This chapter presents IMS's past and discusses IMS as a strategic part of today's computing environment.
In This Chapter:
- "History of IMS: Beginnings at NASA"
- "Is IMS Still Strategic for Customers and IBM?" on page 4
History of IMS: Beginnings at NASA
IMS has been an important part of world wide computing since its inception.
On May 25, 1961, United States President John F. Kennedy challenged American industry to send an American man to the moon and return him safely to earth. The feat was to be accomplished before the end of the decade, as part of the Apollo program. American Rockwell won the bid to build the spacecraft for the Apollo program and, in 1965, they established a partnership with IBM to fulfill the requirement for an automated system to manage large bills of material for the construction of the spacecraft.

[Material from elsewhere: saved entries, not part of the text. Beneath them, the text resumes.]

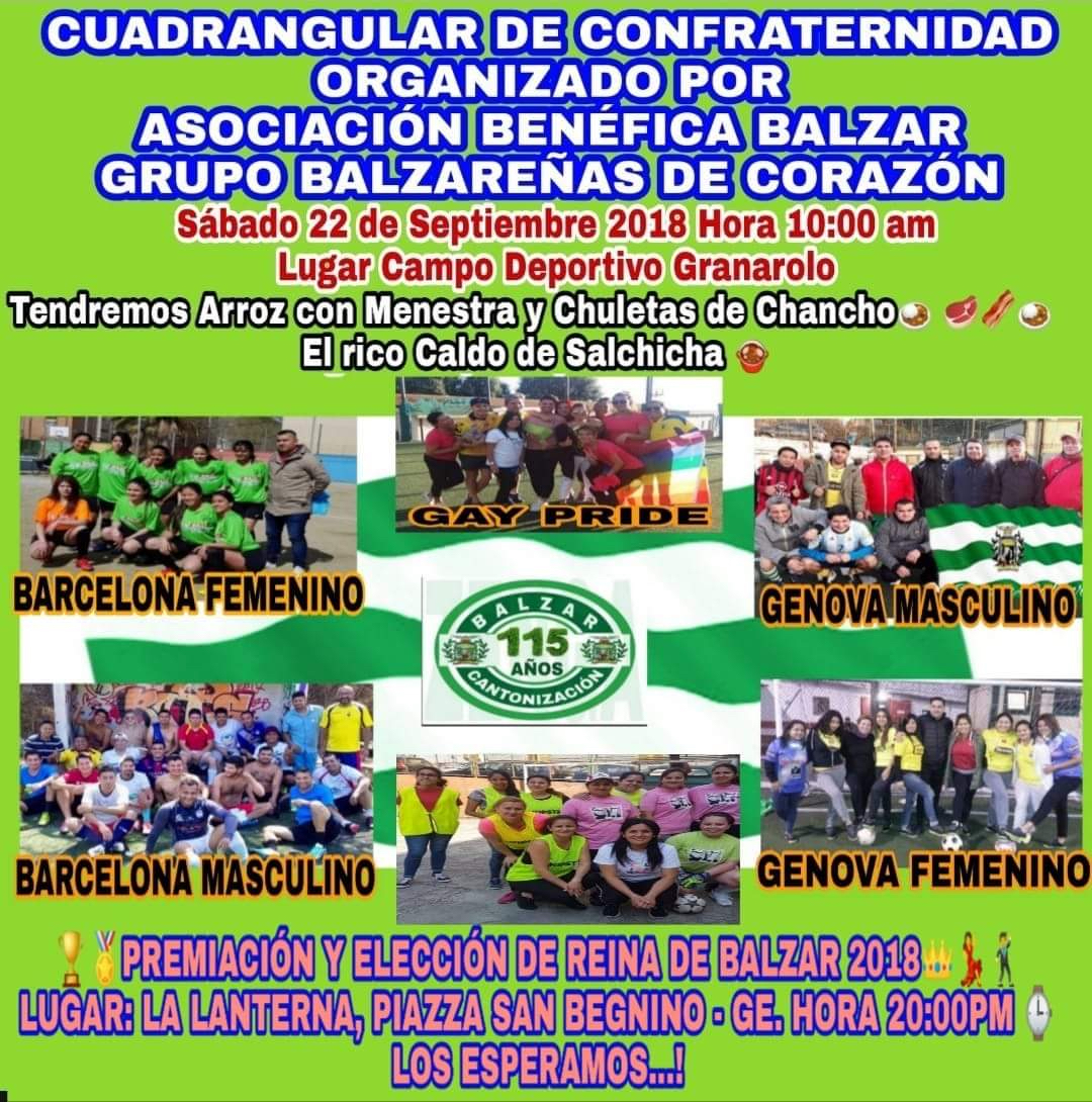En Génova existe una larga tradición de aficionados del fútbol afiliados a diferentes ligas/asociaciones, si bien, los campeonatos latinos funcionan de forma paralela, identificados como propios de los inmigrantes latinoamericanos (esencialmente ecuatorianos y peruanos, pero también de colombianos, dominicanos, chilenos o venezolanos). Torneos distantes también de las ligas de otros inmigrantes (como rumanos, albaneses, o marroquíes). Estos campeonatos representan un espacio-tiempo diferenciado de los usos de la ciudad, que visibiliza tanto hacia dentro de la comunidad ecuatoriana como hacia fuera. La única excepción acontece en el llamado torneo antirracista, organizado desde el año 1998 en el mes de junio por el Centro Social Auto Gestionado Zapata, asociación sin fines de lucro, en las canchas del equipo de futbol Sampierdarenese.
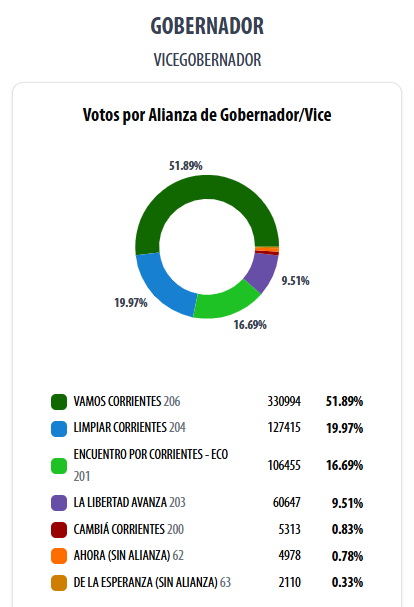 En Corrientes, votó el 70,8% del padrón, 3 puntos menos que en 2021. No se verificó la tendencia de la baja concurrencia que se registró en otras elecciones. Dos lecturas: por tratarse de una elección ejecutiva, que eligió gobernador e intendentes, el interés electoral se mantuvo alto. La oferta –4 listas con cierto volumen: el oficialismo local de Valdés, el peronismo, LLA y Colombi– pudo incidir en que la movilización e involucramiento sea mayor.
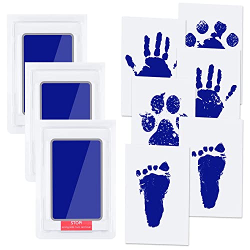 Vicloon Baby avtrycksset, handavtryck och fotavtryck för bebisar med 3 x Clean Touch stämpelkuddar och 6 x tryckkort, babyhud kommer inte i kontakt med färg, för familjegåva – blå
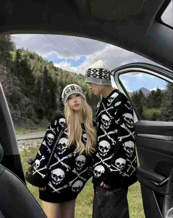 秋冬新款宽松慵懒风男女同款提花套头毛衣,独立包装,...
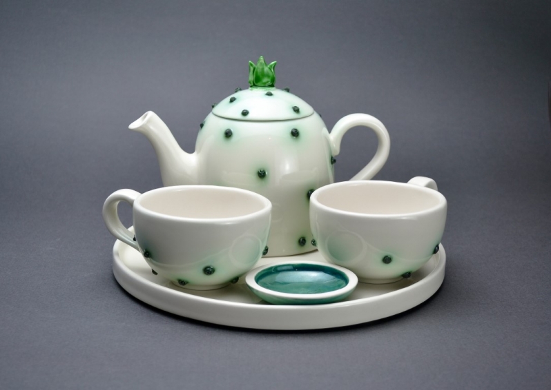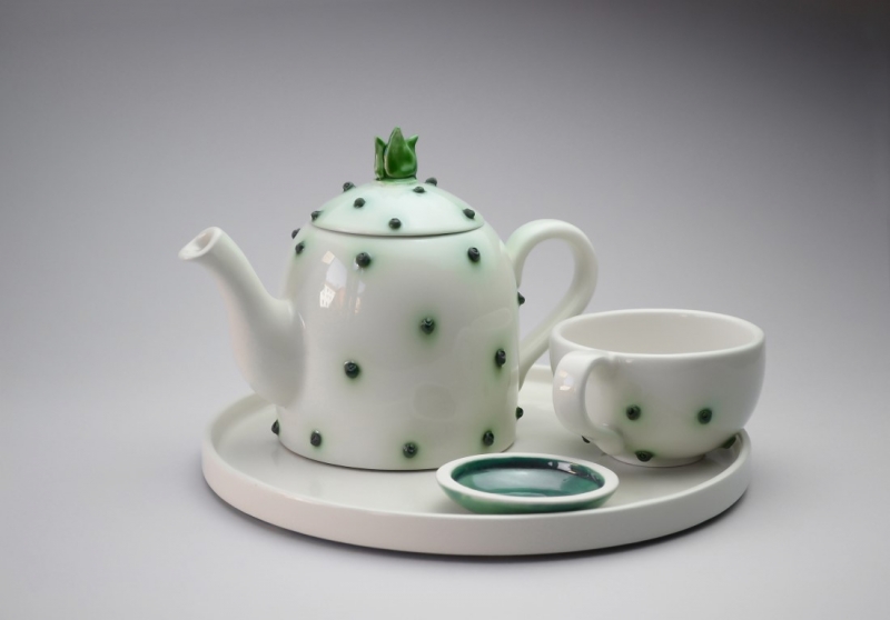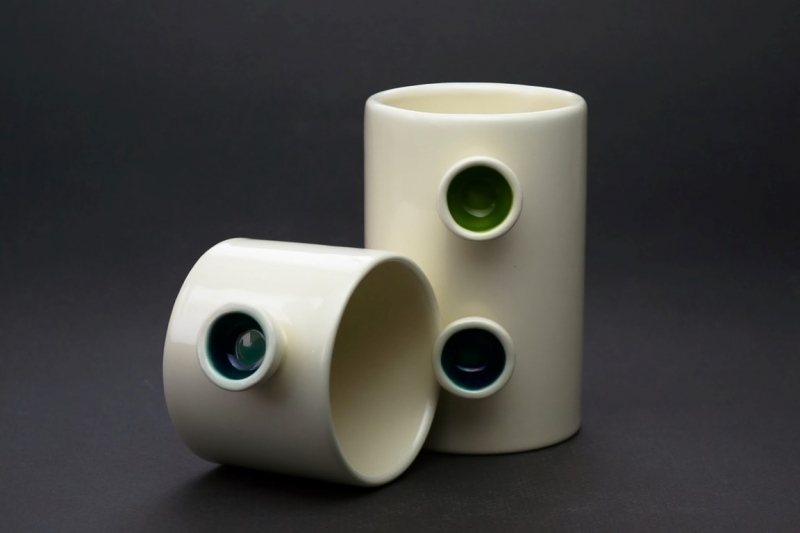Alexandra Constantinescu (born 1981) is an artist from Cluj-Napoca, who has been working for nearly seven years in her studio, developing unique design objects and limited series, made in porcelain or faience. Suitable for a sometimes slightly undetermined home use, the objects she creates are identifiable by the fact that she playfully goes around the classical ergonomic principle, introducing instead the notion of the decorative element that bears functionality.

In 1966, 12 members of the IBM team, along with 10 members from American Rockwell and 3 members from Caterpillar Tractor, began to design and develop the system that was called Information Control System and Data Language/Interface (ICS/DL/I). During the design and development process, the IBM team was moved to Los Angeles and increased to 21 members. The IBM team completed and shipped the first release of ICS in 1967.

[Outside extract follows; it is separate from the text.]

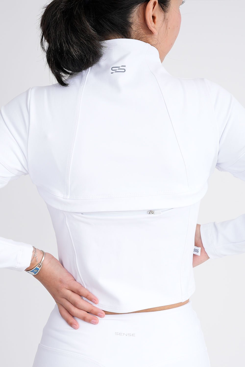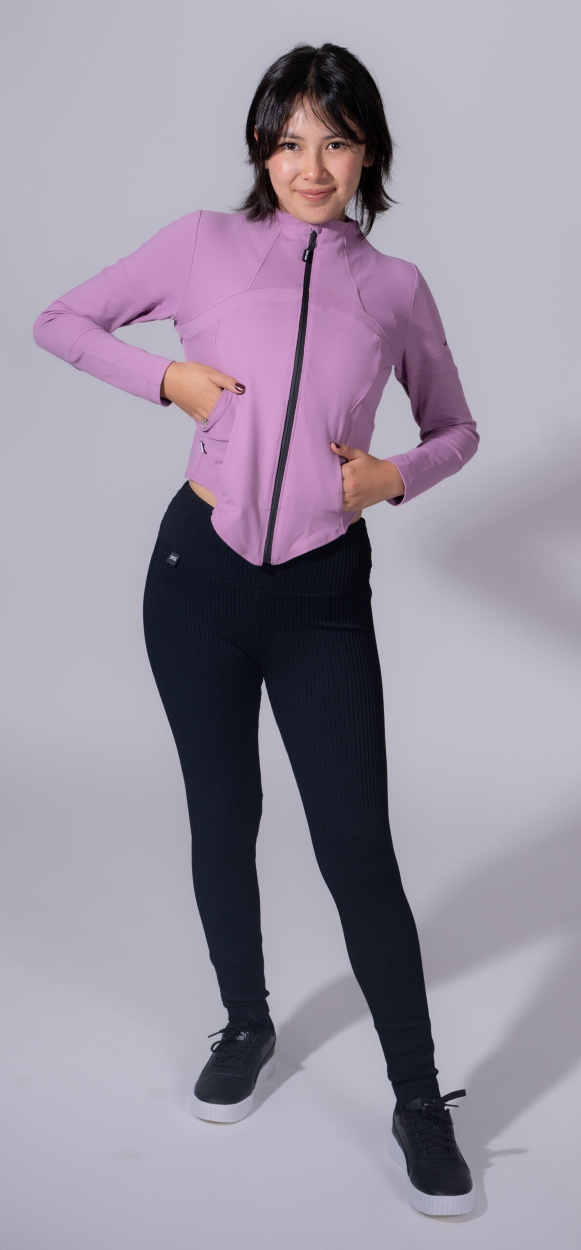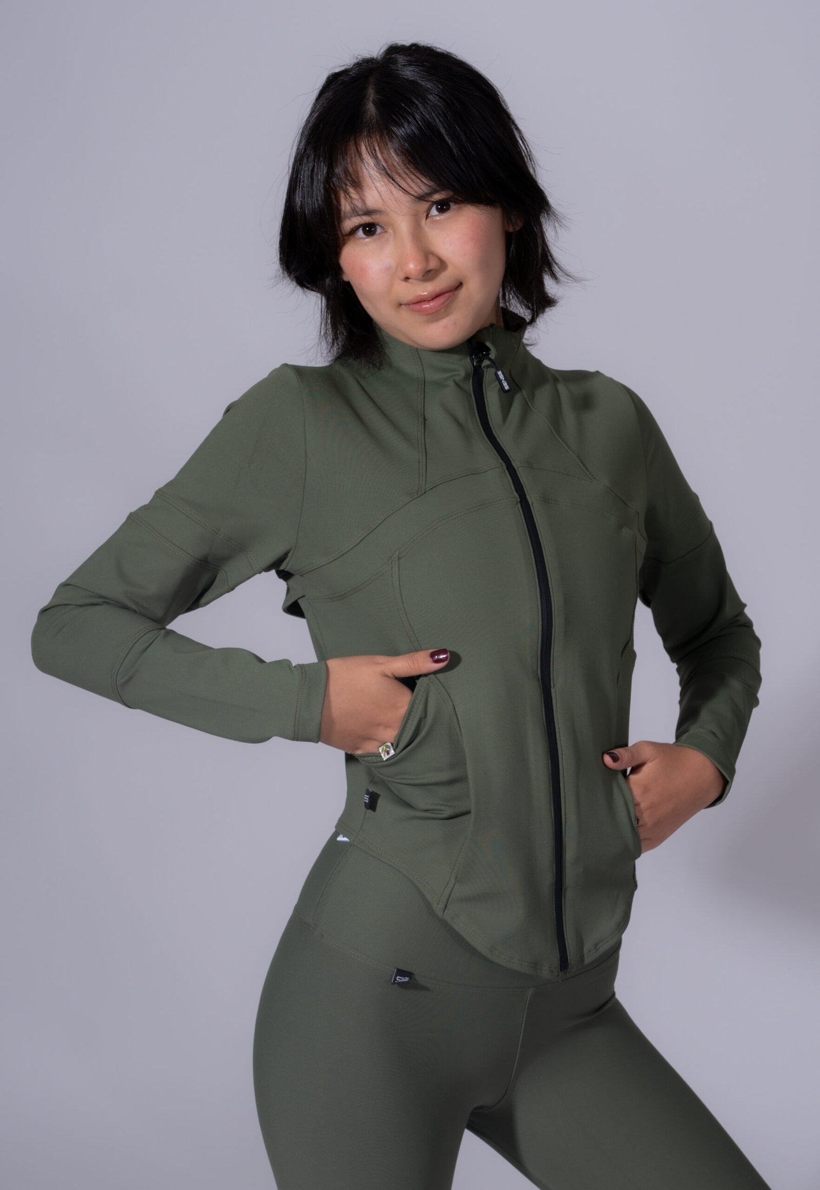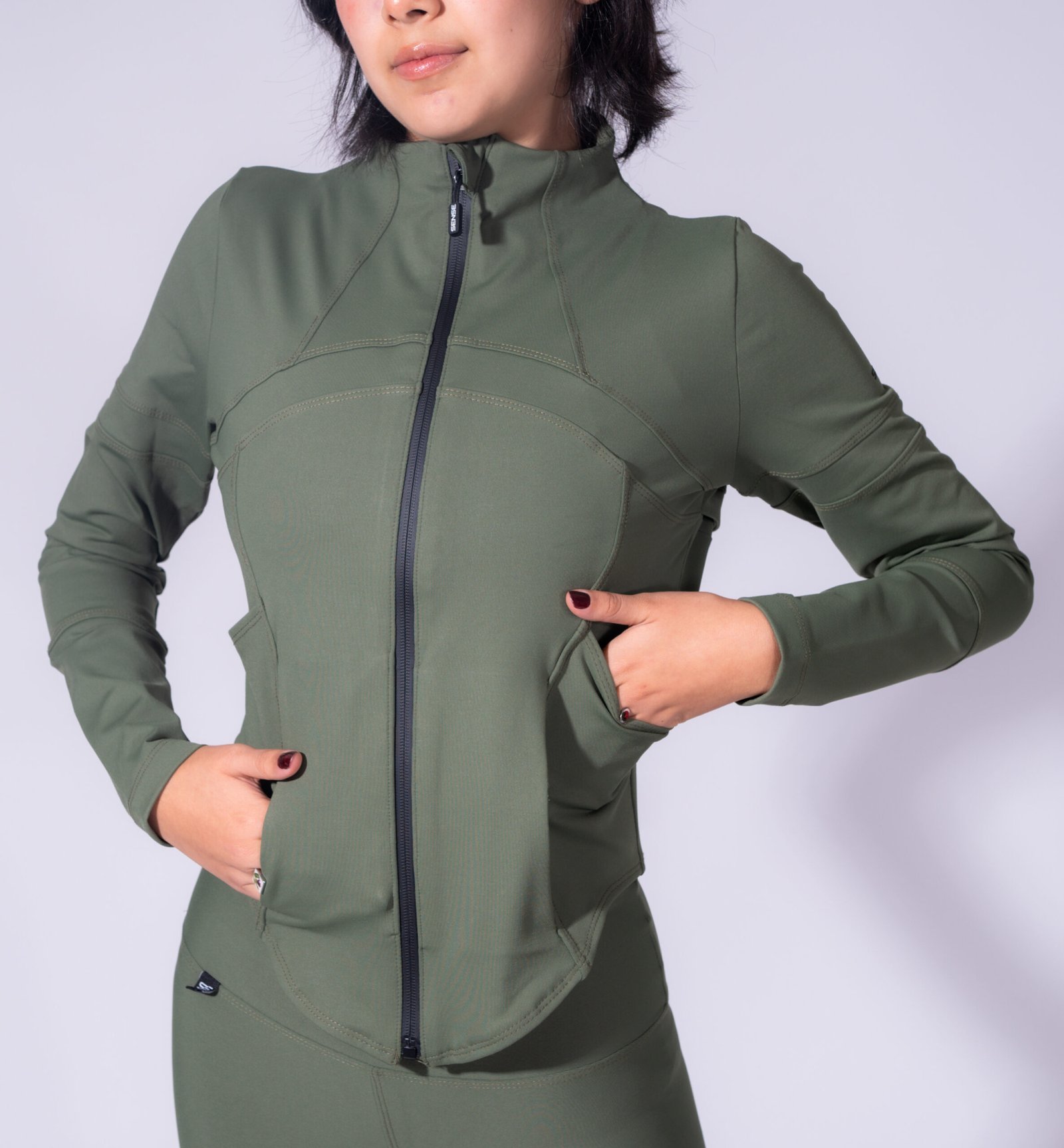 Cuello alto con cortes que estilizan la figura, múltiples bolsillos.

In April 1968, ICS was installed. The first "READY" message was displayed on an IBM 2740 typewriter terminal at the Rockwell Space Division at NASA in Downey, California, on August 14, 1968.
In 1969, ICS was renamed to Information Management System/360 (IMS/360) and became available to the IT world.
Since 1968, IMS:
- Helped NASA fulfill President Kennedy's dream.
- Started the database management system revolution.
- Continues to evolve to meet and exceed the data processing requirements demanded by today's businesses and governments.
IMS as a Database Management System
The IMS database management system (DBMS) introduced the idea that application code should be separate from the data. The point of separation was the Data Language/Interface (DL/I). IMS controls the access and recovery of the data. Application programs can still access and navigate through the data by using the DL/I standard callable interface.
This separation established a new paradigm for application programming. The application code could now focus on the manipulation of data without the complications and overhead associated with the access and recovery of data. This paradigm virtually eliminated the need for redundant copies of the data. Multiple applications could access and update a single instance of data, thus providing current data for each application. Online access to data also became easier because the application code was separated from data control.
IMS as a Transaction Manager
IBM developed an online component to ICS/DL/I to support data communication access to the databases. The DL/I callable interface was expanded to the online component of the product to enable data communication transparency to the application programs. A message queue function was created to maintain the integrity of data communication messages and to provide for scheduling of the application programs.
The online component to ICS/DL/I ultimately became the Data Communications (DC) function of IMS, which became the IMS Transaction Manager (IMS TM) in IMS Version 4.